--- WHAT IS EXPECTED ---
Extract from the entries below, exactly as given, only the lines from the line containing "Een abstracte creatie" to the line containing "2008年5月30日,我市發", both lines included.

::: DATA

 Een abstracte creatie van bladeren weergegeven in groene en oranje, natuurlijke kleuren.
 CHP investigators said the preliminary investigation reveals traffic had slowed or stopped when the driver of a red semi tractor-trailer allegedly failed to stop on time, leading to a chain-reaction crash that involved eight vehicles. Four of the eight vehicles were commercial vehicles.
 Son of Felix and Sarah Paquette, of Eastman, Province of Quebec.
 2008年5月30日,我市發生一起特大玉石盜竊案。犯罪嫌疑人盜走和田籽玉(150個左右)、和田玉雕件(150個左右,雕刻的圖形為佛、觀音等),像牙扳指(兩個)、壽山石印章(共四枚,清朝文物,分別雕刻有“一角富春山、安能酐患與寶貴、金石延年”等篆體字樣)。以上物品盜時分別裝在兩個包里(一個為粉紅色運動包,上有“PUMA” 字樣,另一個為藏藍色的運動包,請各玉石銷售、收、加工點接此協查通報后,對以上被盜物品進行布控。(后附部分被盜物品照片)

::::::
::: DATA

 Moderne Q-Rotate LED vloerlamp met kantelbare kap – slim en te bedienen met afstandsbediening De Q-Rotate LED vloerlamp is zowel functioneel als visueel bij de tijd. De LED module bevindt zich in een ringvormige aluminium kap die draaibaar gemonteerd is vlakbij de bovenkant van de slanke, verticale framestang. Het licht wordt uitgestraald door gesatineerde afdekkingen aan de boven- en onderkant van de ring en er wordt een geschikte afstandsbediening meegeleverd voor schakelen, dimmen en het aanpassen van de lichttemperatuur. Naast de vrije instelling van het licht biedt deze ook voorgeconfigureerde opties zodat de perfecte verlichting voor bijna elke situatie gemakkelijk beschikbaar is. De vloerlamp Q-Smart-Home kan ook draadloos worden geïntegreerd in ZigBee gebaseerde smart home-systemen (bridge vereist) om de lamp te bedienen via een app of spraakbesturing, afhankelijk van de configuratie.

::::::

--- RESPONSE TO THE EXERCISE ---
 Een abstracte creatie van bladeren weergegeven in groene en oranje, natuurlijke kleuren.
 CHP investigators said the preliminary investigation reveals traffic had slowed or stopped when the driver of a red semi tractor-trailer allegedly failed to stop on time, leading to a chain-reaction crash that involved eight vehicles. Four of the eight vehicles were commercial vehicles.
 Son of Felix and Sarah Paquette, of Eastman, Province of Quebec.
 2008年5月30日,我市發生一起特大玉石盜竊案。犯罪嫌疑人盜走和田籽玉(150個左右)、和田玉雕件(150個左右,雕刻的圖形為佛、觀音等),像牙扳指(兩個)、壽山石印章(共四枚,清朝文物,分別雕刻有“一角富春山、安能酐患與寶貴、金石延年”等篆體字樣)。以上物品盜時分別裝在兩個包里(一個為粉紅色運動包,上有“PUMA” 字樣,另一個為藏藍色的運動包,請各玉石銷售、收、加工點接此協查通報后,對以上被盜物品進行布控。(后附部分被盜物品照片)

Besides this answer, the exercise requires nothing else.